Additionally, the magnitude of noise within each projection was quantified. The MC 3D distribution was summed in one dimension, representing the perfect integration of the projection with zero information lost to noise. The difference between this projection and the FRED projection for the beam region at the depth of Dmax was determined, and then the RMSE of the difference was calculated. This value is defined as the RMSE (%) of the Projection Error, and we used it to compare the variability in the projections for each level of modelled noise with a single number.

3. Results

3.1. Beam Data Simulation

An example of the Monte Carlo-simulated proton beams generated in TOPAS is shown in Figure 4. In Figure 4a, the proton beam vertically enters the water cell from the top, depositing the dose along its beam path. The dose is normalized at a depth of 41 mm at the Bragg Peak, with the entrance dose of approximately 23%. The resulting CAX PDD generated from the 3D distribution is shown in (b), and the Dmax profile is shown in (c). To ensure low statistical uncertainty, 1 billion primary photons were generated for these simulations, with a standard error of less than 0.3% for all produced beam models.

3.2. No-Noise Simulation Reconstruction

The initial accuracy of the tomographic reconstruction was tested using reconstructed interferograms generated by the virtual OC dosimeter using the no-noise simulation. The reconstruction of the no-noise FRED data indicated the degradation of reconstruction accuracy due to loss of information in the DHI process, such as phase unwrapping or refractive-index-to-temperature conversion. The interferogram generated in FRED for the no-noise simulation is shown in Figure 5a for illustration. The reconstructed projection (Figure 5c) was generated from the reconstructed phase image (Figure 5b) by cropping out one of the twin images, rotating it 90 degrees, and normalizing it to 100% at the maximum signal.
Table 1 displays the tomographic reconstruction accuracy achievable with both sources of noise removed from the virtual interferometer model. The inverse Abel transform reconstruction generated a profile RMSE of less than 1.2%, a PDD RMSE of less than 0.2%, and a mean dose difference of less than 0.1% for all analyzed regions. A Projection Error RMSE (%) of 0.03 indicated that the projection measured with the OC dosimeter accurately replicated the equivalent projection data generated from the MC-simulated proton beam dose distribution.
The reconstructed Dmax profile and PDD are shown in Figure 6, with the reconstructed dose well-matching the original at the beam edge and main portion of the radiation beam. A reconstruction artefact is present in the center of the profile, a result of the decreasing accuracy of the inverse Abel transform at points close to the axis of radial symmetry [29]. Due to the combination of this artefact and the location of the CAX PDD, this artefact was found to be present at all depths, so the PDD measurement at each depth were calculated over the central 21 pixels comprising the CAX region. This was considered a reasonable assumption due to the inherently flat and symmetric nature of clinical radiation beams [26].

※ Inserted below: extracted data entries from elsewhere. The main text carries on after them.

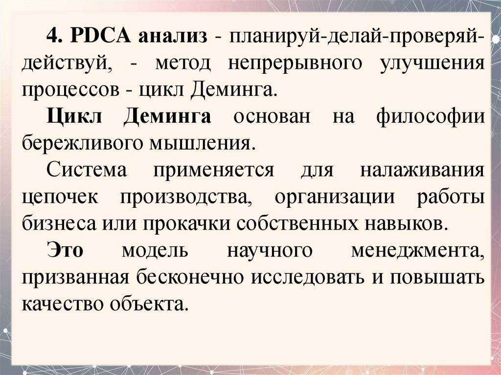 4. PDCA анализ - планируй-делай-проверяйдействуй, - метод непрерывного улучшенияпроцессов - цикл Деминга.
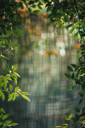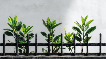 Lush green leaves emerge from a black iron fence against a clean white background, creating a serene atmosphere enriched by natural light and organic beauty.
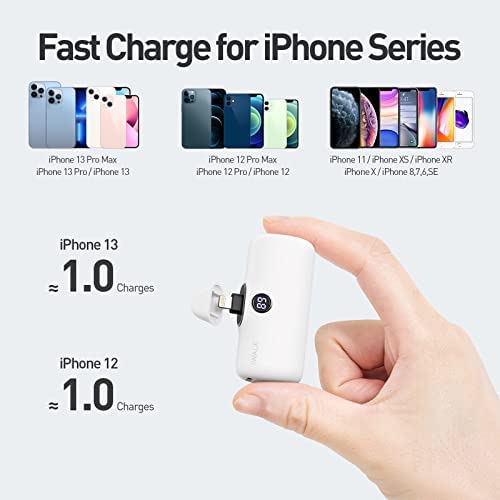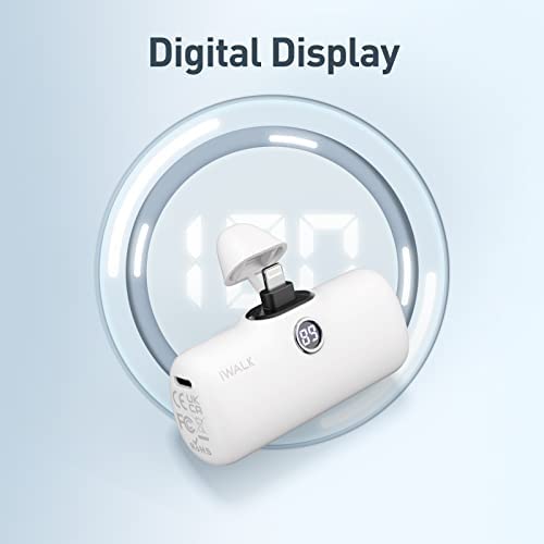iWALK Portable Charger 4800mAh Power Bank Fast Charging and PD Input Small Docking Battery with LED Display Compatible with iPhone 14/14 Pro Max/13/13 Pro Max/12/12 Pro/11/XR/XS/X/8/7/6,White
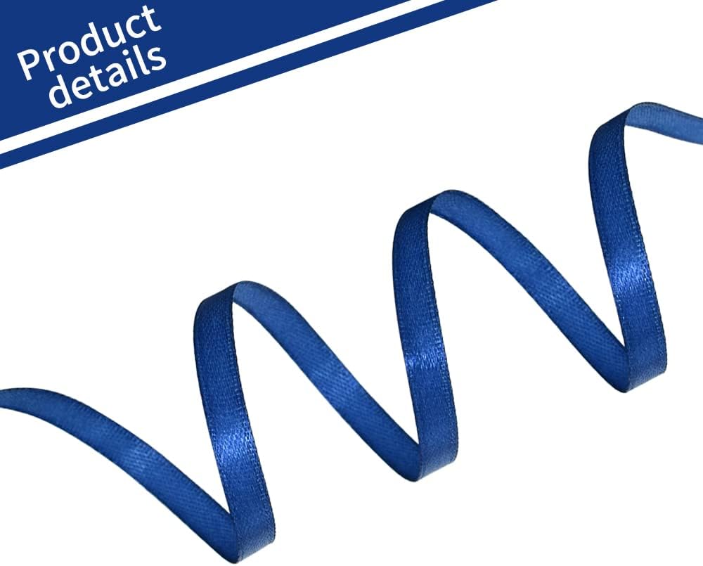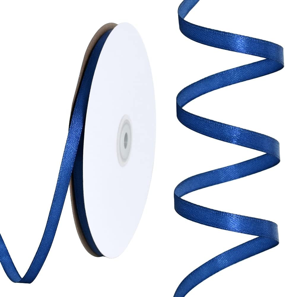 TONIFUL 1/4 Inch x 100yds Navy Blue Satin Ribbon, Thin Solid Color Satin Ribbon for Gift Wrapping, Crafts, Hair Bows Making, Wedding Party Decoration, Invitation Cards, Floral Bouquets

3.3. Full-Noise Simulation Reconstruction

The full-noise FRED simulation data indicated the level of performance of the DHI-based OC dosimeter. The interferograms generated in FRED from the full-noise simulation can be seen in Figure 5. When comparing the two, the blurring of the interference fringes is apparent, with these less well-defined in the full-noise interferogram. The reconstructed phase image shows the real and virtual twin images, along with the central DC term. These images show a similar trend, with a greater degree of blurring present in the full-noise simulation. Comparing the no-noise and full-noise projection images again showed a greater degree of blurring in the full-noise projection, with this most clearly seen at the depth of the Bragg Peak. The increase in noise between the no-noise and full-noise simulations can be seen in the comparison of profiles through the projection data at the depth of Dmax (Figure 7).
Filtering applied prior to reconstruction removed much of this noise but was unable to exactly reproduce the original projection data (Figure 8a,b). The reconstruction of the full-noise projection data using the inverse Abel transform can be seen in Figure 8. The reconstructed profile shows a reasonable approximation of the general shape of the MC-generated profile and the estimation of the edge of the beam (Figure 8c), but the variability across the profile is noticeable, with errors of up to 15% (Figure 8d). For the PDD (Figure 8e), the presence of the CAX reconstruction artefact resulted in an increased reconstruction error, with the reconstructed distribution slightly overestimated. The increase in RMSE was most notable in the BP region (Figure 8f).
When the mean of the four full-noise simulations was calculated, the magnitude of the noise in the full-noise projection was reduced without being entirely eliminated. This indicates that while there were random components of the virtual noise models that contributed to the noise signal, which were reduced by averaging repeated measurements, there was also a systematic noise contribution that remained prevalent. The mean reconstruction accuracy metrics for the individual simulation reconstruction results, compared with the reconstruction results when the projections were averaged prior to reconstruction, are shown in Table 2.
Averaging the four projections prior to reconstruction resulted in a reduction in the magnitude of noise in the projection data, indicated by the approximately 30% reduction in the Projection Error RMSE for the averaged projection compared with the mean of the single-simulation results. This corresponded with an increase in the reconstruction accuracy, as shown by the approximately 40% reduction in the Dmax Profile RMSE for both the beam and CAX regions of the profile. Negligible changes were observed for the PDD RMSE results. The mean dose difference results also remained unchanged, indicating that averaging prior to reconstruction reduced the noise without altering the final reconstructed dose values. As this technique improved the quality of the reconstruction, it was used for all subsequent simulations.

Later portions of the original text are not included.